7. JOIN A MASTERS SWIM CLUB: Swimming is one area where having another person evaluate your technique is invaluable. Masters clubs are sort of like group-swim workouts, with some seasoned pros on hand for feedback. Allen suggests working on your stroke mechanics as much as possible early on. "Do it in the very beginning so that you have all the tools you need throughout the rest of your training," he says

8. SIGN UP FOR MORE TRIATHLONS: Longer races such as Olympic distance (one-mile swim; 24-mile bike; six-mile run) and half Ironman will serve as important milestones in your progression. Allen recommends doing an Olympic-distance tri just as your training volume begins to really increase and then a half Ironman at the six-month mark.

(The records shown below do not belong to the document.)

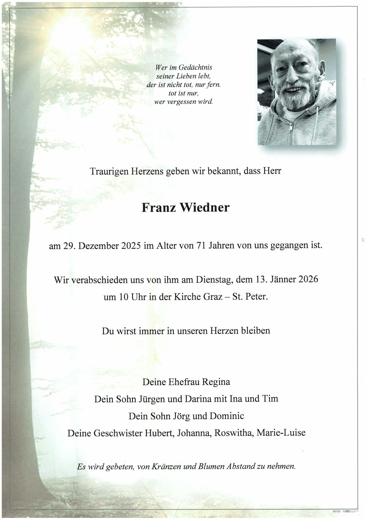In tiefer Anteilnahme möchten wir euch informieren, dass unser Ehrenmitglied FRANZ WIEDNER am 29.12.25 friedlich eingeschlafen ist.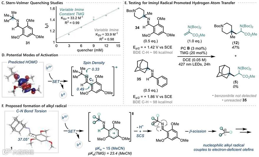 最后,作者对反应机理进行了研究,以确定C-N键活化和烷基自由基形成的方式(图4)。原位LED NMR监测表明该反应对亚胺和丙烯酸酯是一级相关(图4B),因此作者认为伯胺与醛缩合得到的亚胺(具有氧化还原活性)可以成功地淬灭PC B的激发态,事实上,Stern-Volmer淬灭实验证实了这一点(图4C)。接着经质子转移得到关键的亚胺自由基中间体,随后经β-断裂释放出烷基自由基,并与缺电子烯烃偶联,最后经还原和质子化得到所需的产物并再生PC B的基态。然而,亚胺自由基阳离子的自旋密度图显示亚胺氮和芳烃碳C1的自旋密度十分接近(图4D),因此作者设想了形成亚胺自由基的两种潜在途径:(1)氮自由基阳离子充当氢原子转移(HAT)试剂;(2)芳烃的氧化和随后酸化的亚胺的去质子化。为了证实潜在的HAT途径的可行性,作者在34和35之间进行了竞争实验(图4E)。结果显示亚胺35的氧化(Ep/2 = +1.86 V vs SCE)远远超出铱激发态的范围,但是当比较亚胺基C–H键的强度时,它与34很相似。因此,作者认为如果观察到5的形成,那么很可能是由34氮自由基阳离子产生的HAT引起的。事实上,反应仅检测到12以及剩余的35,因此作者认为要想发生C-N键活化,底物的氧化至关重要。于是,作者提出了一种机制,其中亚胺自由基阳离子上C1的自旋密度至关重要。1的晶体结构表明C-N双键并没有与芳环的π-体系完全共轭(图4F),导致亚胺的C-H键与芳环体系非共平面(out-of-plane)。通过计算确定本文中亚胺基C-H键的解离能并通过实验确定氧化电位(Ep/2 = 1.43 V vs SCE),估计出亚胺自由基阳离子的pKa约为15,且这种酸化程度很高的亚胺基C-H键很容易去质子化,并经自旋中心位移(spin-centered-shift)形成亚胺自由基,随后经β-断裂释放出烷基自由基以进一步与缺电子烯烃偶联。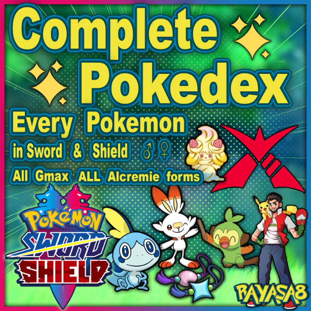 All Pokemons in Sword & Shield in one Bundle with this bundle you will complete Galar Pokedex, Isle of Armor Pokedex and Crown Tundra Pokedex including Legendaries + different forms like Alcremie, Gender forms + the transfer only Pokemons like Zeraora Magerna keldeo and more total of 855 pokemons 6iv EV trained Smogon Builds with the best natures ability and move sets for Battle for 99%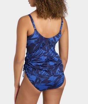 - Twist front tankini top adorned with a navy palm leaf print

A couple of months later, he recommends another Olympic distance race. "It sort of resets your body’s concept of what fast is," he says. "Then, when you continue with your training, your Ironman speed doesn’t feel as hard as it did."

9. DIAL IN YOUR NUTRITION: "For all the information out there, Ironman nutrition is actually really simple," insists Allen. "You just need to understand what to eat during your workouts and what you are eating in between workouts." During workouts, Allen suggests using energy bars and gels to consume around 300 calories (your exact caloric need will depend on trial and error) and about 30 to 40 ounces of fluid per hour. Before and after workouts, every meal should include unrefined carbs such as oatmeal or brown rice, lean proteins like chicken for muscle recovery and healthy fat, such as nuts or avocado.

10. LEARN TO JUGGLE: By the second half of the year, you’ll be doing five-hour bike rides and two- to three-hour runs, so you will need to be able to negotiate your schedule with your employer. "Use weekends smartly," suggests Allen. "Put the long workouts on days off, where you have the best chance of getting it done." Finally, Allen has encouraging words for anyone who simply can’t fathom the distances. "Take heart: When you finally get to your Ironman, it does not feel anything like two half Ironman races back to back. It’s just a different feeling—you will be able to do it."